At the height of the private equity bubble – in July 2007 – KKR agreed to purchase Dollar General for $7.2 billion. To pull off the deal, KKR was able to borrow $4.7 billion.
Of course, the bubble has since burst and, as a result, there are few successes for the private equity folks.
But now KKR is sensing opportunity. According to a report from the Wall Street Journal [a paid publication], it looks like the firm is in the late stages of filing the necessary legal documents to take Dollar General public.
All in all, the deal should be well-received. Dollar General is the largest discount retailer in the U.S. with its impressive 8,462 store count. In the most recent quarterly report, the company posted a 15.7% increase in sales to $2.78 billion, with same-store sales up 13.3%. Operating profits doubled to $224.9 million. Expecting more growth, Dollar General has plans to add 450 new stores.
No doubt, KKR needs to show some success. The firm's portfolio has shrunk considerably and it is still difficult to pull off new deals because of the continued credit crunch. Besides, KKR still plans to take itself public.
Interestingly enough, in the Dollar General transaction, KKR will be a lead underwriter. This is unusual for private equity firms, but for KKR it's a way to transform its model to find new ways to generate new sources of income, which is certainly much-needed right now.
Tom Taulli is the author of various books, including The Complete M&A Handbook and the cofounder of Phitch, which provides inventory management software for small and medium size businesses.
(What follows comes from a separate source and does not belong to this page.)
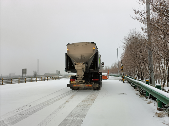 自21日至23日,沿海高速全線普降大雪,我分公司充分分析惡劣天氣情況預警,圍繞“早準備、早部署、早介入”的工作目標,圓滿完成了除雪保暢任務。一是提前啟動應急預案,開展了融雪劑清點裝車、設備提前試車熱車、重點路段先期撒布等工作。二是充分發揮運營單位與高速交警的聯勤協作機製。與高巡密切配合,不但交叉錯時巡邏、信息共享,而且為了提高除雪撒布的高效和安全,除雪作業由警車前方開道,養護車輛後方預警,真正實現了快速反應、高效處治的目標。截止23日,共計消耗融雪劑45噸,出動警車10台次、巡查車12台次、養護預警車8台次、除雪車8台次、作業人員36人次。除雪保暢期間,未發生交通事故,未出現車輛故障情況,最大限度地保障了行車安全。

Reader Comments (Page 1 of 1)
7-30-2009 @ 1:22PM
JBS5022 said...
Dollar General should be able to post a margin of profit seeing how they will not pay anything worthwhile to their employees and anybody should post a margin of profit...whenever your getting your work force for practically free labor. They hire with an intent to barely allow their employee's anything but a few meager hours a week. No over time, no profit sharing, the only opportunity an employee has is to become a manager, or assistant manager..or what they call third key. These make about 7.00 to 9.50 and hour. Depending on what management scale you fit in. All other employee's are paid less than that, with a maximum work schedule of less than thirty hours per shift. Don't patronize Dollar General's efforts until you tell the whole story.
7-29-2009 @ 5:03PM
UltimoDragon said...
It should be noted that Dollar General was a publicly traded before KKR bought them.
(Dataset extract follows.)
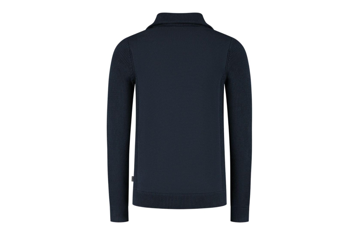 Saint Steve BENJAMIN-S 70003 dark navy. Dit rechtvallende model is voorzien van een opstaande kraag en heeft lange mouwen. Deze donker blauwe trui van Saint Steve sluit aan de bovenzijde door middel van een rits.

My senior year of high school, our history teacher conducted a side project where we all researched and 'bought' 100 mythical shares in one stock. At the end of two months, the student who made the most money won $20. A friend of mine chose Dollar General (working there part time) and won the contest.
7-29-2009 @ 5:30PM
Denise said...
Glad to hear some good news for a change. I hope Dollar General takes over the whole world, wink...
7-29-2009 @ 5:34PM
al coholic said...
There are a lot of new Dollar General stores here in upstate South Carolina and they are doing very well. It's the only place where Wal-Mart prices seem high by comparison.
I also like Fred's.
7-29-2009 @ 7:37PM
Lisa said...
I use to be a Manager for Dollar General and they don't pay anything and work there staff like slaves. I will never shop there again
7-29-2009 @ 9:38PM
Dean said...
Dollar General does good because they use slave labor.
7-29-2009 @ 10:09PM
dxxy4u said...
Well, You can kiss Dollar General good bye. It will go the way of Wal-Mart. What a shame. Now I'll have only Dollar General and Dollar Tree to shop at.